Linden Gardens Trust Ltd v Lenesta Sludge Disposals Ltd [1993] UKHL 4
Contract – Building – Assignment – Prohibition on assignment without consent – Entitlement to damages for breach
Facts:
A lessee of part of a building entered into a standard form contract with the second defendants to remove asbestos from the building. The contract stated that the contract could not be assigned unless there had been written consent of the contractor. The second defendants subcontracted the work to Lenesta. After the work was completed, more asbestos was found which should have been removed. The lessee contracted with the third defendants to remove the asbestos and also assigned its leasehold interest to Linden Gardens. The second defendants were not asked and did not consent to the assignment. More asbestos was found and Linden had work carried out for its removal at their own expense and sued all of the defendants for a breach of contract.

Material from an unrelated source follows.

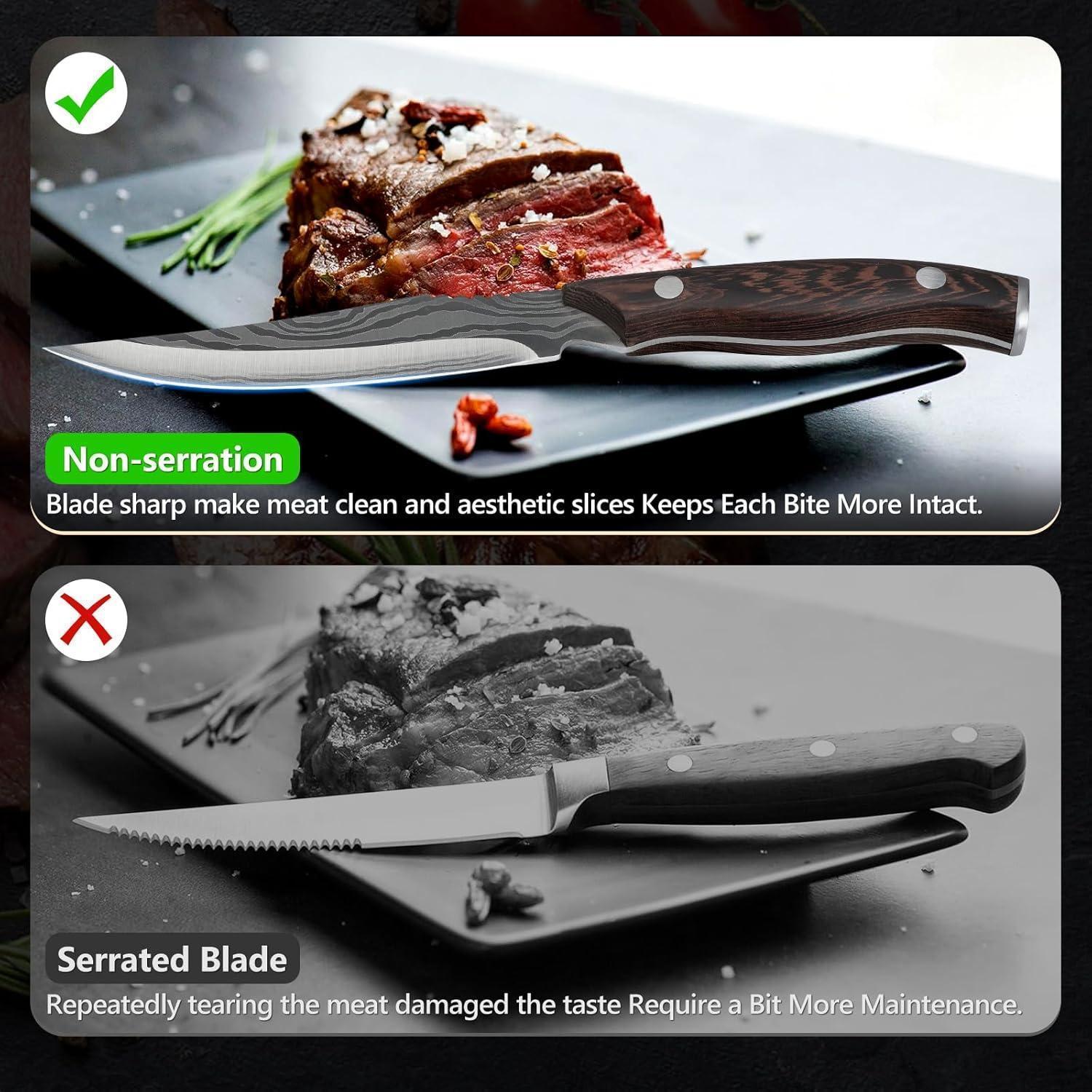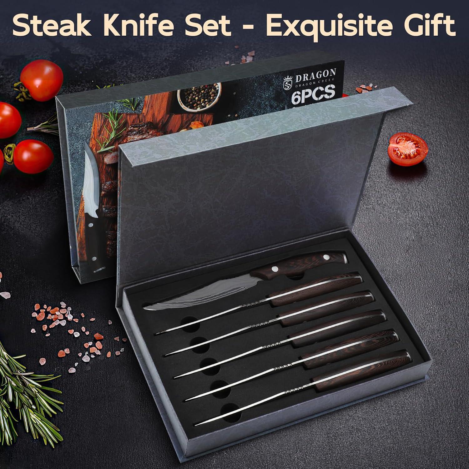 Premium Steakmesser Set 6 teilig mit Holzgriff Grillbesteck

Initially, the plaintiff was able to recover damages as the assignment was deemed effective. The defendants appealed.
Issues:
Whether the assignment was valid and if so, whether the defendants could be held liable for damages.
Held:
The appeal was allowed by the defendants. The clause of the contract prohibiting assignment without the consent of the contractor was interpreted and upheld literally within its meaning. The original lessee had failed to seek the contractor’s consent. As such without that consent, any benefit of the contract and the assignment of any entitlement to a cause in action was not passed on to Linden. The court held it would be contrary to public policy to allow an assignment of rights where no consent had been given and was expressly required. Thus, the assignment of contractual rights was ineffective and Linden was unable to take advantage of these.
Updated 19 March 2026
This case summary remains broadly accurate. Linden Gardens Trust Ltd v Lenesta Sludge Disposals Ltd [1994] 1 AC 85 (decided by the House of Lords in 1993, reported in 1994) continues to be good law and is regularly cited as authority for two important propositions: first, that a contractual prohibition on assignment without consent will be construed strictly, rendering an unauthorised assignment of the benefit of the contract ineffective; and second, for the related “narrow ground” principle (developed alongside St Martins Property Corporation Ltd v Sir Robert McAlpine Ltd, heard together) concerning a promisee’s ability to recover substantial damages on behalf of a third party who has suffered loss.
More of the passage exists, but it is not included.